PROVIDED MATERIAL >>
*** Block opens ***

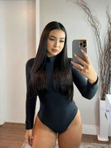 This long-sleeve bodysuit is designed for structured layering and everyday wear. The turtleneck neckline provides extended coverage while the fitted silhouette ensures a secure shape without adjustment. The full-length sleeves and streamlined form make it suitable as a base layer during colder conditions or as a standalone piece in transitional weather. Designed to stay in place, this bodysuit eliminates the need for repeated tucking and supports a clean look under jackets, blazers, or knits.
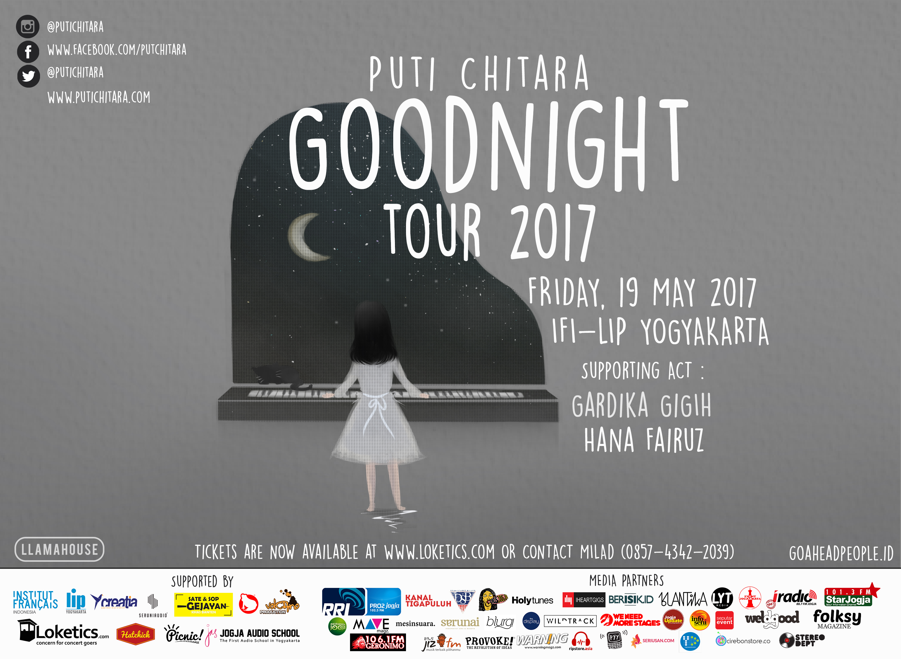 Yogyakarta, 2 Mei 2017 – Setelah menggelar launching album keduanya ‘Goodnight’ di Jakarta pada 24 Februari 2017 lalu, kini Puti Chitara melakukan perjalanan ke beberapa kota di Indonesia dalam rangkaian tur yang bertajuk “Goodnight Tour 2017”. Dalam rangkaian tur ini, Puti Chitara akan singgah di Yogyakarta pada tanggal 19 Mei 2017 dengan menggelar pertunjukan yang bertempat di IFI-LIP, Yogyakarta.
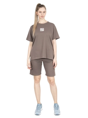 Костюм женский Niu-n — стильный и удобный комплект, состоящий из футболки и шорт. Этот комплект идеально подходит для прогулок, отдыха на даче или пляже, сочетая комфорт и универсальность.

*** Block closes ***

PROBLEM DETAILS >>
Drop the images and repeat the data exactly.

EXERCISE ANSWER >>
 This long-sleeve bodysuit is designed for structured layering and everyday wear. The turtleneck neckline provides extended coverage while the fitted silhouette ensures a secure shape without adjustment. The full-length sleeves and streamlined form make it suitable as a base layer during colder conditions or as a standalone piece in transitional weather. Designed to stay in place, this bodysuit eliminates the need for repeated tucking and supports a clean look under jackets, blazers, or knits.
 Yogyakarta, 2 Mei 2017 – Setelah menggelar launching album keduanya ‘Goodnight’ di Jakarta pada 24 Februari 2017 lalu, kini Puti Chitara melakukan perjalanan ke beberapa kota di Indonesia dalam rangkaian tur yang bertajuk “Goodnight Tour 2017”. Dalam rangkaian tur ini, Puti Chitara akan singgah di Yogyakarta pada tanggal 19 Mei 2017 dengan menggelar pertunjukan yang bertempat di IFI-LIP, Yogyakarta.
 Костюм женский Niu-n — стильный и удобный комплект, состоящий из футболки и шорт. Этот комплект идеально подходит для прогулок, отдыха на даче или пляже, сочетая комфорт и универсальность.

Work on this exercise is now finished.